Requirement:
Set down a true copy of the data, with all pictures left out.

Source data:
━━━━━━━━━━━━━━━━━━━━

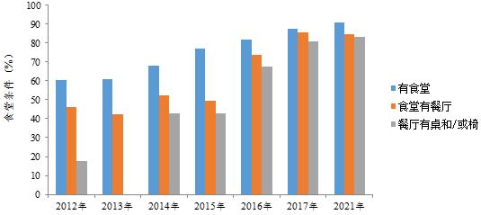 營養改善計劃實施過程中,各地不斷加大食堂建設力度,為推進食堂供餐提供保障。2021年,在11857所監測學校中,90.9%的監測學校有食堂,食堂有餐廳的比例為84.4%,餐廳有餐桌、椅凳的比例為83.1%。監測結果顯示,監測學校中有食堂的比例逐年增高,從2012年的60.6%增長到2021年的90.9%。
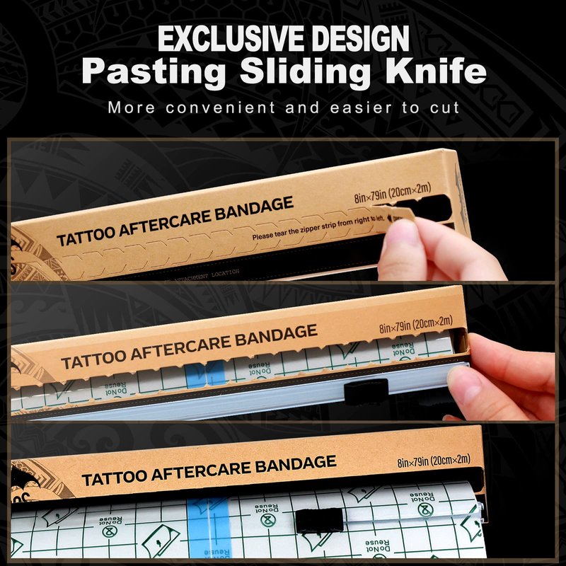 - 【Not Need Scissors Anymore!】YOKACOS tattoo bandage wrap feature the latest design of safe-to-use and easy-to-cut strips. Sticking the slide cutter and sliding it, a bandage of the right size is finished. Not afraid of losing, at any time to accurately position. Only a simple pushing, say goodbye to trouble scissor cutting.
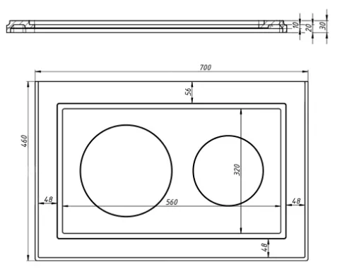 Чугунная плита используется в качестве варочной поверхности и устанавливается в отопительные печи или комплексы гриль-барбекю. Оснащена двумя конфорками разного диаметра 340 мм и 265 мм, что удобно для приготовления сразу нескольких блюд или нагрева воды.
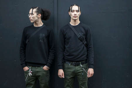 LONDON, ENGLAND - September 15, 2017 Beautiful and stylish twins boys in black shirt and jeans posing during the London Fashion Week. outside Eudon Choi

━━━━━━━━━━━━━━━━━━━━

Written response:
 營養改善計劃實施過程中,各地不斷加大食堂建設力度,為推進食堂供餐提供保障。2021年,在11857所監測學校中,90.9%的監測學校有食堂,食堂有餐廳的比例為84.4%,餐廳有餐桌、椅凳的比例為83.1%。監測結果顯示,監測學校中有食堂的比例逐年增高,從2012年的60.6%增長到2021年的90.9%。
 - 【Not Need Scissors Anymore!】YOKACOS tattoo bandage wrap feature the latest design of safe-to-use and easy-to-cut strips. Sticking the slide cutter and sliding it, a bandage of the right size is finished. Not afraid of losing, at any time to accurately position. Only a simple pushing, say goodbye to trouble scissor cutting.
 Чугунная плита используется в качестве варочной поверхности и устанавливается в отопительные печи или комплексы гриль-барбекю. Оснащена двумя конфорками разного диаметра 340 мм и 265 мм, что удобно для приготовления сразу нескольких блюд или нагрева воды.
 LONDON, ENGLAND - September 15, 2017 Beautiful and stylish twins boys in black shirt and jeans posing during the London Fashion Week. outside Eudon Choi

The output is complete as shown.